A história da humanidade consiste em uma espécie que não tinha muitas vantagens físicas para ser o caçador ou o predador, e, que na realidade, foi caça e presa pelo maior tempo da sua história na Terra, mas que ainda assim, se tornou a espécie dominante do planeta há pouco tempo.

O que deu a vantagem competitiva para o ser humano em relação aos outros animais foi a cultura (aprendizagem social sofisticada), possibilitada pela linguagem e cognição. Assim como os outros animais, os humanos também buscam perseguir o prazer e fugir da dor. Mas diferentemente dos outros animais, os seres humanos, através da linguagem e cognição, têm a capacidade de relacionar eventos arbitrariamente em quase qualquer forma possível (ex: igual a, similar a, melhor que, oposto de, parte de, causa de, e por aí vai). Essa rede de relações arbitrárias ou convencionais (que é ensinada pela cultura e controlada pelo contexto) é o suporte para as ficções compartilhadas e, consequentemente, para retroalimentar as culturas. Enquanto as outras espécies aprendem somente através da experiência direta (a ordem natural), os seres humanos aprendem também a partir de relações que emergem espontaneamente das experiências do indivíduo ou de outros (a ordem imaginada).

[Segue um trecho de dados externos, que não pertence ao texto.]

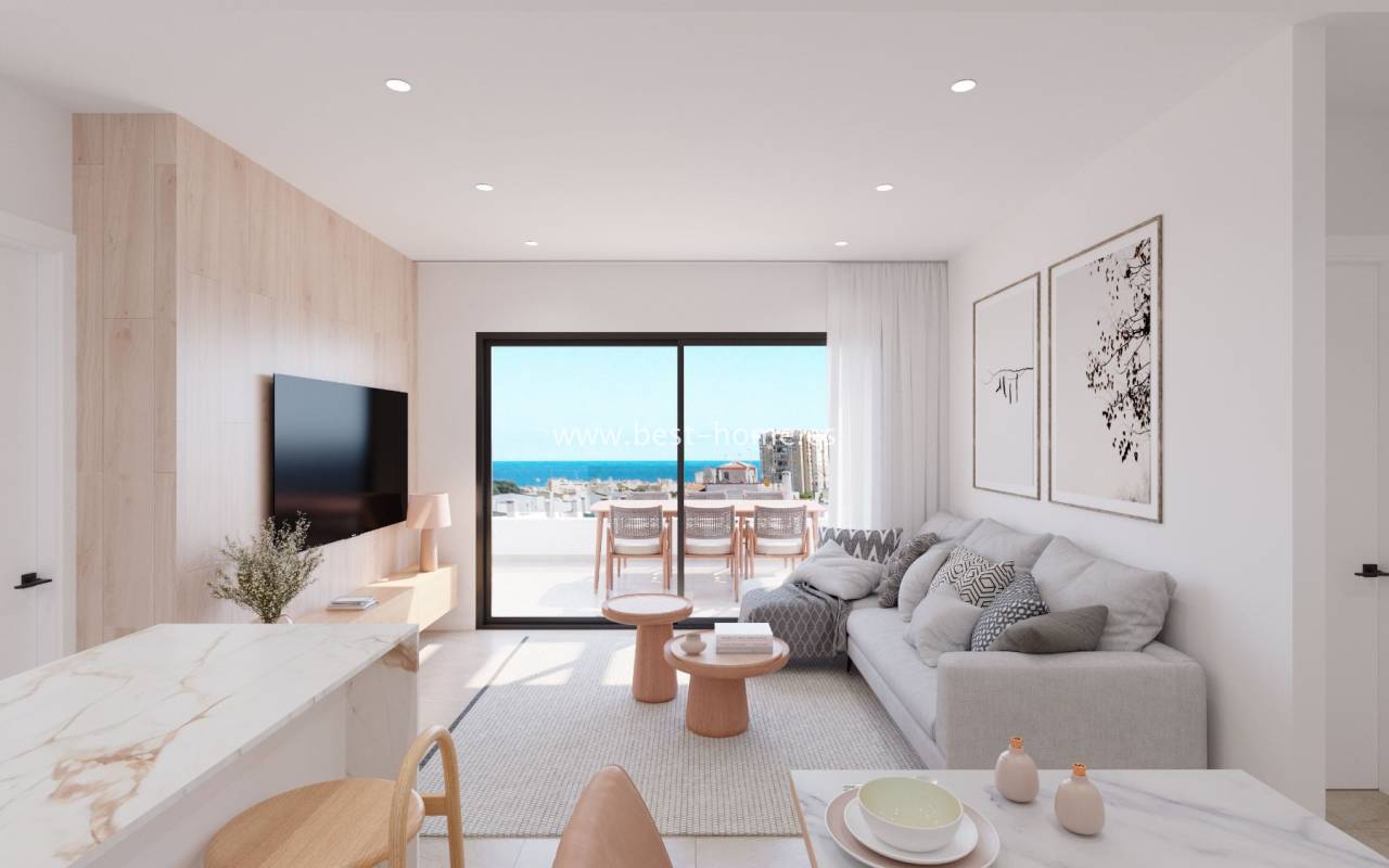 Ekskluzywny apartament typu penthouse, jedyny w całym budynku, w cenie 349 000 €, oferujący zachwycające panoramiczne widoki na miasto oraz morze. Nieruchomość posiada 2 sypialnie oraz 2 łazienki, a także przestronny salon z otwartą kuchnią. Apartament wyposażony jest w elektryczne rolety, pompę ciepła oraz w pełni wykończone łazienki z ogrzewaniem podłogowym. Dodatkowo w cenie znajduje się miejsce parkingowe oraz dostęp do wspólnotowego basenu.

Com essas ficções compartilhadas, os membros da espécie humana foram capazes de cooperar em uma escala gigantesca, alcançando o que nenhum indivíduo sozinho ou outra espécie conseguiria alcançar.

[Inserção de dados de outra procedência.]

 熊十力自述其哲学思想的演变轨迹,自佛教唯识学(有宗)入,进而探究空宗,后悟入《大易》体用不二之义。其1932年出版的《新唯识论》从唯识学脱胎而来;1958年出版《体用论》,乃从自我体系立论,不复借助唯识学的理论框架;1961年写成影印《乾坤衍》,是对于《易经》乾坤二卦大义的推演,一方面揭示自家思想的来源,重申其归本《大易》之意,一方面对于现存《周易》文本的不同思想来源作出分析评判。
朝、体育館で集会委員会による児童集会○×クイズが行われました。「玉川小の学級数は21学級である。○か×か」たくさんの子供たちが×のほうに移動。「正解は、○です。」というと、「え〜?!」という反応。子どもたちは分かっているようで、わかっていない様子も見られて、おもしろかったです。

O drama da condição humana é causado pela mesma capacidade que permitiu que o homem se tornasse a espécie dominante do planeta. Assim como os animais fogem da dor e dos eventos que causam dor, através da linguagem e da cognição, algumas experiências internas dolorosas fazem com que os seres humanos usem a mesma estratégia que usam para resolver os problemas do mundo externo: lutar ou fugir. No mundo externo essa estratégia (“se você não gosta de alguma coisa, se livre dela”) funciona bem; mas para o mundo interno, essa estratégia não funciona como o desejado, pelo simples fato de que as experiências internas (pensamentos, sentimentos, impulsos) não são controláveis como os eventos externos (no mundo interno, a regra é mais próxima de “se você não estiver disposto a ter, você vai ter”). A fuga das experiências internas dolorosas gera uma batalha contra as mesmas que acaba marcando e limitando a vida do indivíduo e causando o sofrimento: a fuga das experiências dolorosas ou desconfortáveis faz com que o indivíduo viva mais em sua própria mente (mergulhando nas histórias que ele conta sobre si mesmo) do que em contato com a sua realidade, e causa a dor de deixar de ir atrás do que realmente importa para o indivíduo.